Skip to main content
market lab

The commodity rally of the past six months has made us all too familiar with the factors to which commodity prices are sensitive - currencies, China, economic growth, peak supplies, even weather.

But what's this new one - government bonds?

Up until a few months ago, it would have been hard to identify any strong relationship between the two. But George Davis, chief technical analyst at RBC Dominion Securities, points out that since May, the two have adopted a pronounced correlation - as commodities have gone straight up, government bond yields have gone straight down.

Blame the greenback

The direction of the correlation defies logic - as well as, to a large extent, history. In general, though the two haven't been tightly correlated, commodity prices and bond yields have tended to move not in the opposite direction, but in the same direction. This is because both reflect economic growth and, by extension, inflationary pressures; when the economy is booming, rates are typically rising, and so is demand (and the price) for raw materials.

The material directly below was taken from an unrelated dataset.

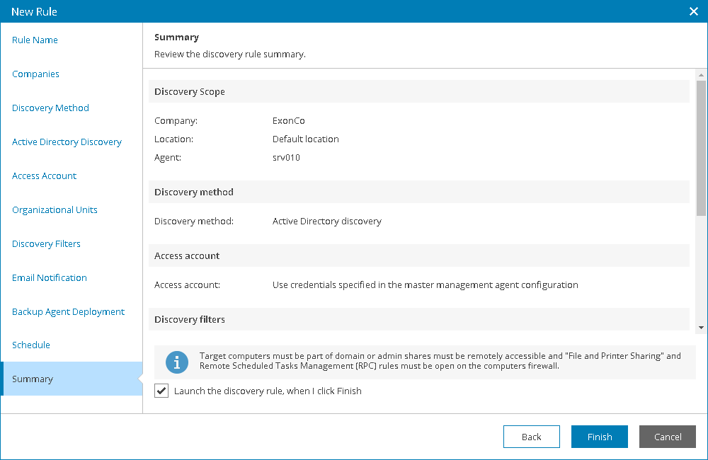 - At the Summary step of the wizard, select Launch the discovery rule when I click Finish.

But this recent change in the relationship has little to do with the economic cycle. The common link, it seems, is the U.S. dollar.

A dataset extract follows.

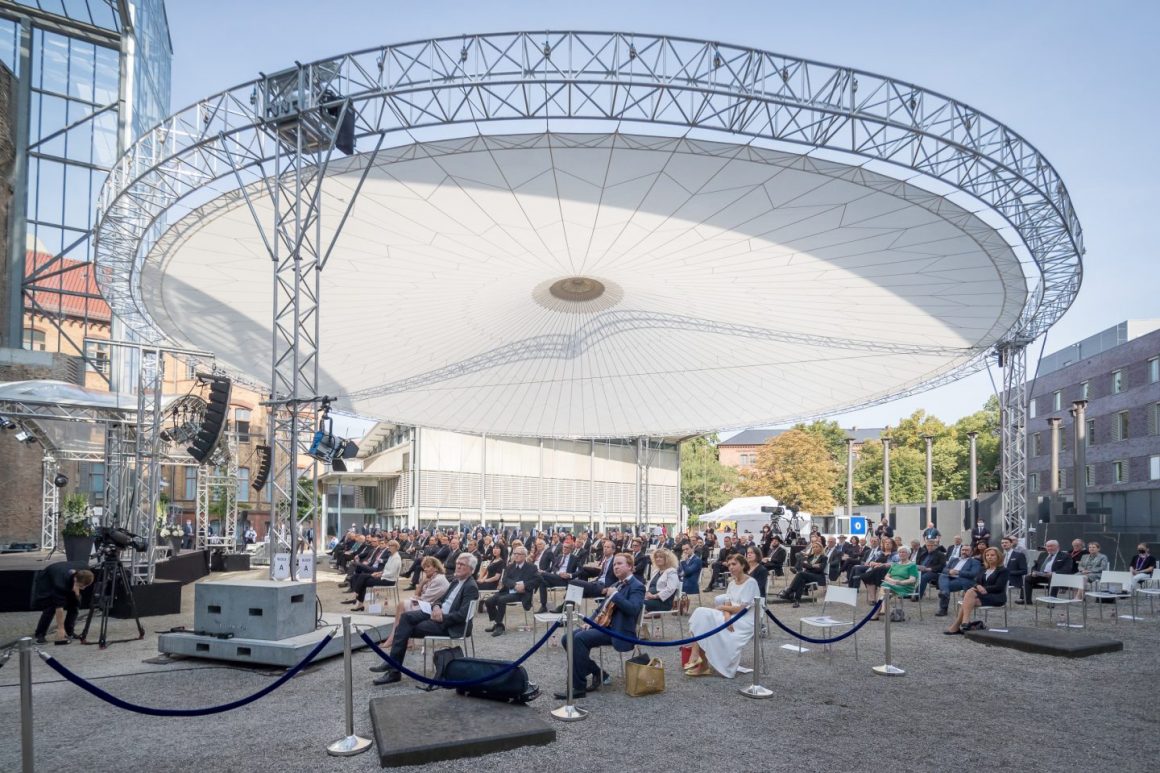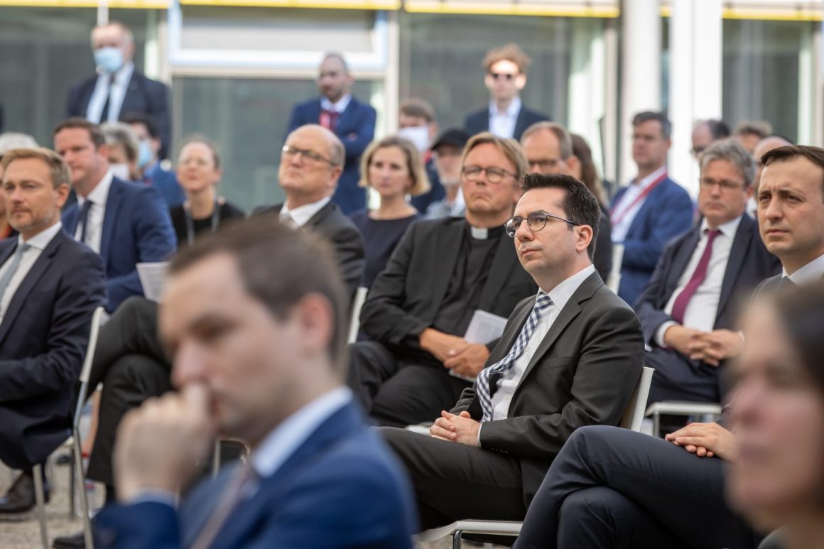 Eingefunden unter dem weißen Zeltdach hatten sich auch Brandenburgs Ministerpräsident Dietmar Woidke (SPD) als Bundesratspräsident, die Beauftragte der Bundesregierung für Kultur und Medien, Monika Grütters (CDU), der Beauftragte der Bundesregierung für jüdisches Leben und den Kampf gegen Antisemitismus, Felix Klein, die Beauftragte der Bundesregierung für Migration, Integration und Flüchtlinge, Annette Widmann-Mauz (CDU), Berlins Regierender Bürgermeister Michael Müller (SPD) und der Berliner Kultursenator Klaus Lederer (Die Linke).

"People have been paying a lot more attention recently to what the U.S. dollar is doing, and how that relates to the various asset classes," Mr. Davis said.

The dollar and the 10-year U.S. Treasury yield have been following very similar paths, especially since August, when the U.S. Federal Reserve Board first signalled the possibility of another round of quantitative easing (QE). This prospect - eventually confirmed as reality earlier this month - served to depress U.S. interest-rate expectations, which fuelled an exodus from both bonds and the greenback (the two pretty much feed on one another). And, since commodities are priced globally in U.S. dollars, the plunge in the currency sparked a corresponding surge in commodity prices.

Watch those yields

In the past week or so, this new bond-commodity correlation has continued to hold - but with a change of course. Bond yields turned upward and commodity prices turned downward.

Mr. Davis said we're seeing the early stages of "the unwinding of the QE premium," as traders who had overpriced the Fed's easing plans into the bond market and, by extension, the U.S. dollar start to reverse their bets. "The market is trying to normalize interest rates."

We could see this for a while. Whether it's QE or an economic turnaround or growing inflationary pressures, bond yields are sure to eventually head upward from their current historically depressed levels - and they'll likely take the U.S. dollar along for the ride. A rising dollar will pressure commodities lower.

For investors, this means that movements in the U.S. 10-year yield could provide a valuable indicator of which way commodity prices are about to go. If and when the bond yields start to re-inflate, it might be a good time to take profits on those big commodity positions.